**TRY IT**. Transcribe the full listing exactly, and drop every picture.

**DATA SHOWN**.
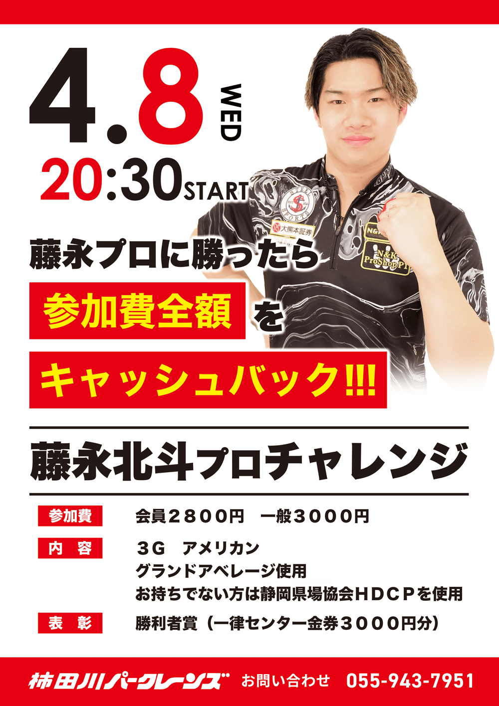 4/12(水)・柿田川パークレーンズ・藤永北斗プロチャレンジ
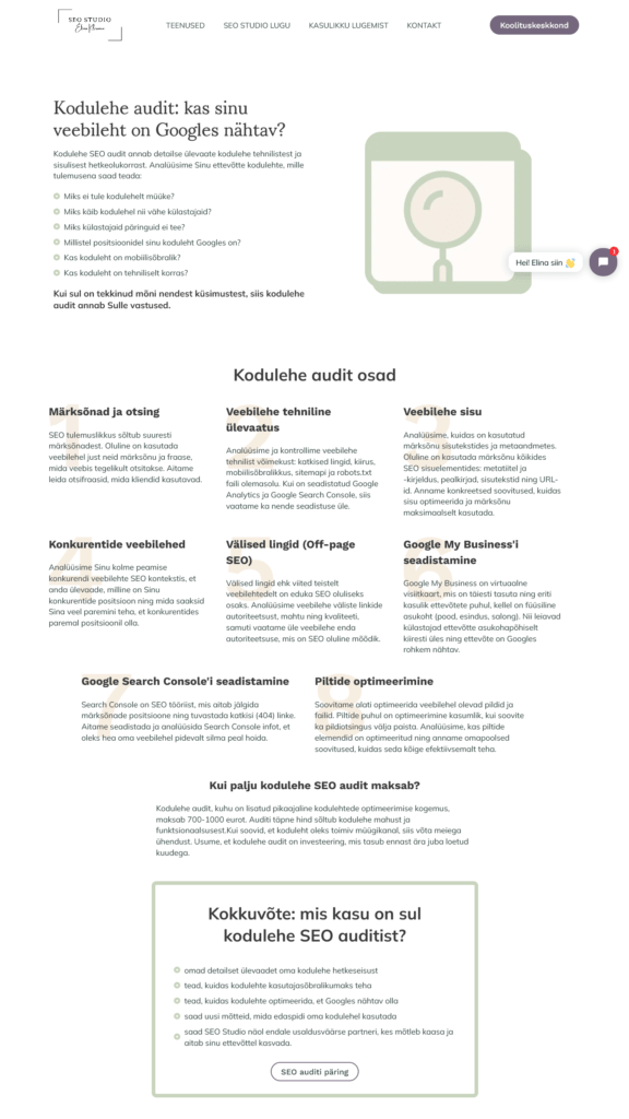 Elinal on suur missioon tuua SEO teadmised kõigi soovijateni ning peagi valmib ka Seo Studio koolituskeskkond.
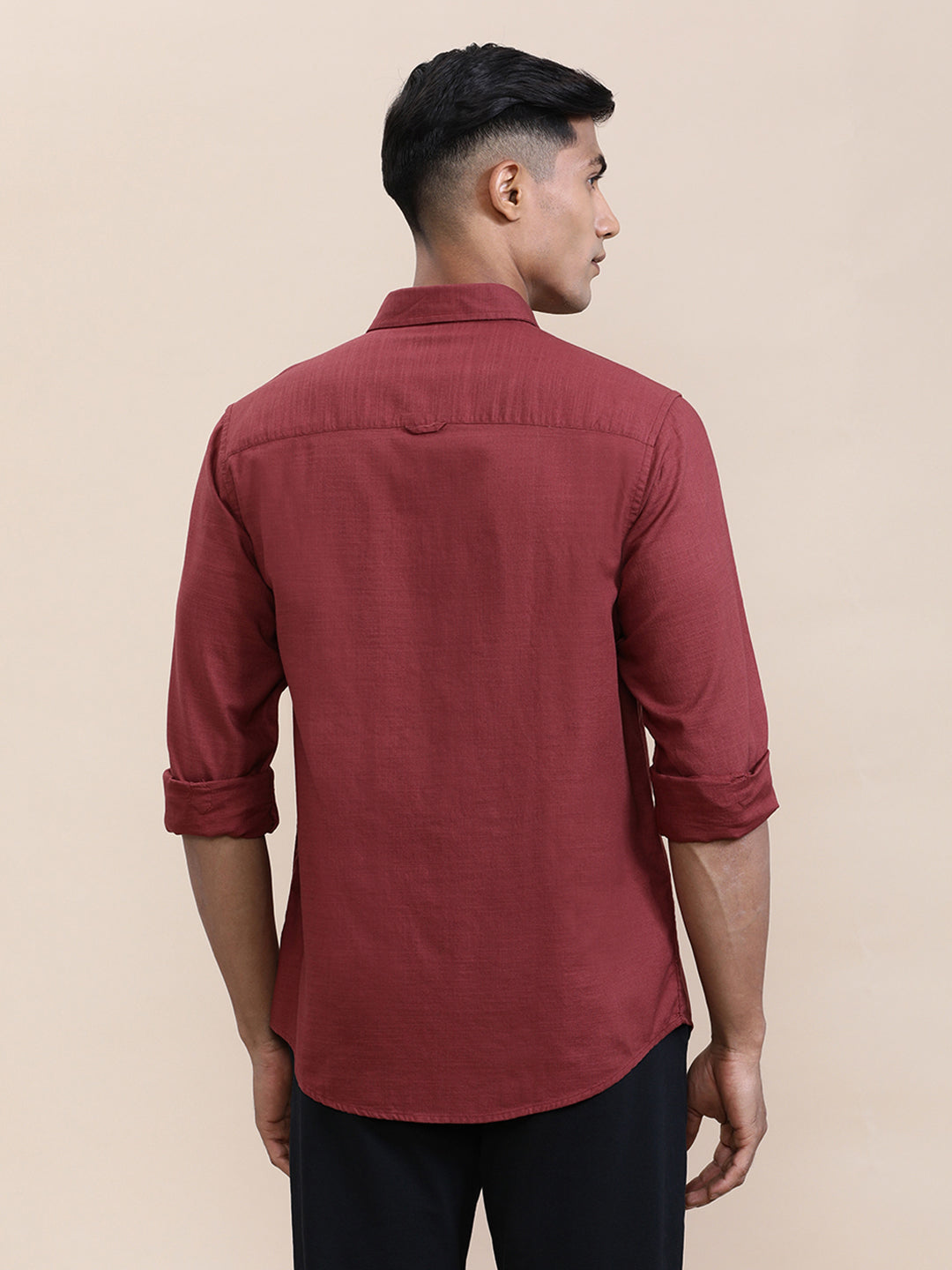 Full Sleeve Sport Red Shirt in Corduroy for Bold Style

**SOLUTION TO THE EXERCISE**.
 4/12(水)・柿田川パークレーンズ・藤永北斗プロチャレンジ
 Elinal on suur missioon tuua SEO teadmised kõigi soovijateni ning peagi valmib ka Seo Studio koolituskeskkond.
 Full Sleeve Sport Red Shirt in Corduroy for Bold Style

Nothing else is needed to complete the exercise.